Besides all of these, the nested os.path module exports even more tools, most of which are related to processing file and directory names portably:

>>> dir(os.path)
['__builtins__', '__doc__', '__file__', '__name__', 'abspath', 'basename', 
'commonprefix', 'dirname', 'exists', 'expanduser', 'expandvars', 'getatime',
'getmtime', 'getsize', 'isabs', 'isdir', 'isfile', 'islink', 'ismount', 'join',
'normcase', 'normpath', 'os', 'split', 'splitdrive', 'splitext', 'splitunc',
'stat', 'string', 'varchars', 'walk']

2.5.2 Administrative Tools

Just in case those massive listings aren't quite enough to go on, let's experiment with some of the simpler os tools interactively. Like sys, the os module comes with a collection of informational and administrative tools:

>>> os.getpid(  )
-510737
>>> os.getcwd(  )
'C:\\PP2ndEd\\examples\\PP2E\\System'

>>> os.chdir(r'c:\temp')
>>> os.getcwd(  )
'c:\\temp'

As shown here, the os.getpid function gives the calling process's process ID (a unique system-defined identifier for a running program), and os.getcwd returns the current working directory. The current working directory is where files opened by your script are assumed to live, unless their names include explicit directory paths. That's why I told you earlier to run the following command in the directory where more.py lives:

C:\...\PP2E\System>python more.py more.py

The input filename argument here is given without an explicit directory path (though you could add one to page files in another directory). If you need to run in a different working directory, call the os.chdir function to change to a new directory; your code will run relative to the new directory for the rest of the program (or until the next os.chdir call). This chapter has more to say about the notion of a current working directory, and its relation to module imports, when it explores script execution context later.

2.5.3 Portability Constants

The os module also exports a set of names designed to make cross-platform programming simpler. The set includes platform-specific settings for path and directory separator characters, parent and current directory indicators, and the characters used to terminate lines on the underlying computer:^[4]
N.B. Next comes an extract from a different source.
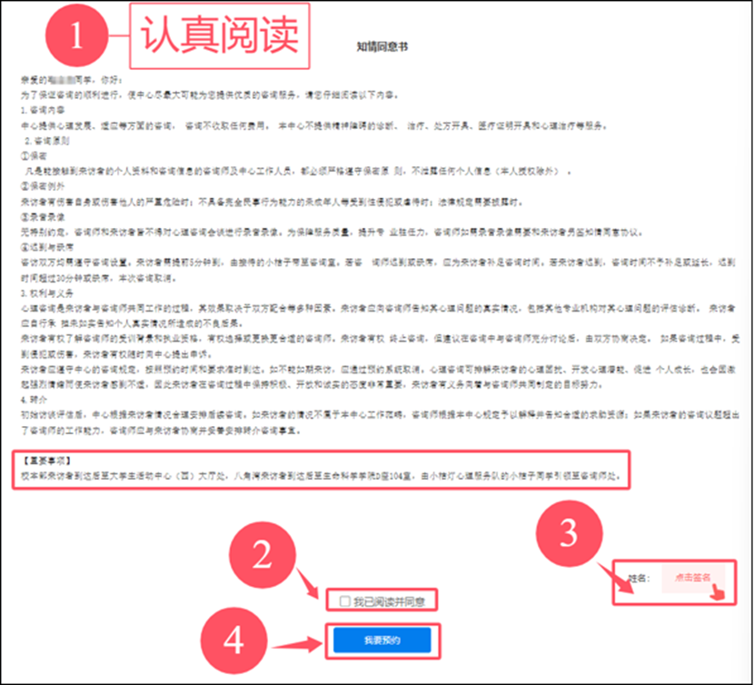 ①点击在线预约,认真阅读知情同意书后,点击“我已阅读并同意-点击签名”

^[4] os.linesep comes back as \015\012 here -- the octal escape code equivalent of \r\n, reflecting the carriage-return + line-feed line terminator convention on Windows. See the discussion of end-of-line translations in Section 2.11 later in this chapter.

>>> os.pathsep, os.sep, os.pardir, os.curdir, os.linesep
(';', '\\', '..', '.', '\015\012')

Name os.sep whatever character is used to separate directory components on the platform Python is running on; it is automatically preset to "\" on Windows, "/" for POSIX machines, and ":" on the Mac. Similarly, os.pathsep provides the character that separates directories on directory lists -- ":" for POSIX and ";" for DOS and Windows. By using such attributes when composing and decomposing system-related strings in our scripts, they become fully portable. For instance, a call of the form string.split(dirpath,os.sep) will correctly split platform-specific directory names into components, even though dirpath may look like "dir\dir" on Windows, "dir/dir" on Linux, and "dir:dir" on Macintosh.

2.5.4 Basic os.path Tools

The nested module os.path provides a large set of directory-related tools of its own. For example, it includes portable functions for tasks such as checking a file's type (isdir, isfile, and others), testing file existence (exists), and fetching the size of a file by name (getsize):

>>> os.path.isdir(r'C:\temp'),        os.path.isfile(r'C:\temp')
(1, 0)
>>> os.path.isdir(r'C:\config.sys'),  os.path.isfile(r'C:\config.sys')
(0, 1)
>>> os.path.isdir('nonesuch'),        os.path.isfile('nonesuch')
(0, 0)

>>> os.path.exists(r'c:\temp\data.txt')
0
>>> os.path.getsize(r'C:\autoexec.bat')
260

The os.path.isdir and os.path.isfile calls tell us whether a filename is a directory or a simple file; both return (false) if the named file does not exist. We also get calls for splitting and joining directory path strings, which automatically use the directory name conventions on the platform on which Python is running:

>>> os.path.split(r'C:\temp\data.txt')
('C:\\temp', 'data.txt')
>>> os.path.join(r'C:\temp', 'output.txt')
'C:\\temp\\output.txt'

>>> name = r'C:\temp\data.txt'                            # Windows paths
>>> os.path.basename(name), os.path.dirname(name)
('data.txt', 'C:\\temp')

>>> name = '/home/lutz/temp/data.txt'                     # Unix-style paths
>>> os.path.basename(name), os.path.dirname(name)
('data.txt', '/home/lutz/temp')

>>> os.path.splitext(r'C:\PP2ndEd\examples\PP2E\PyDemos.pyw')
('C:\\PP2ndEd\\examples\\PP2E\\PyDemos', '.pyw')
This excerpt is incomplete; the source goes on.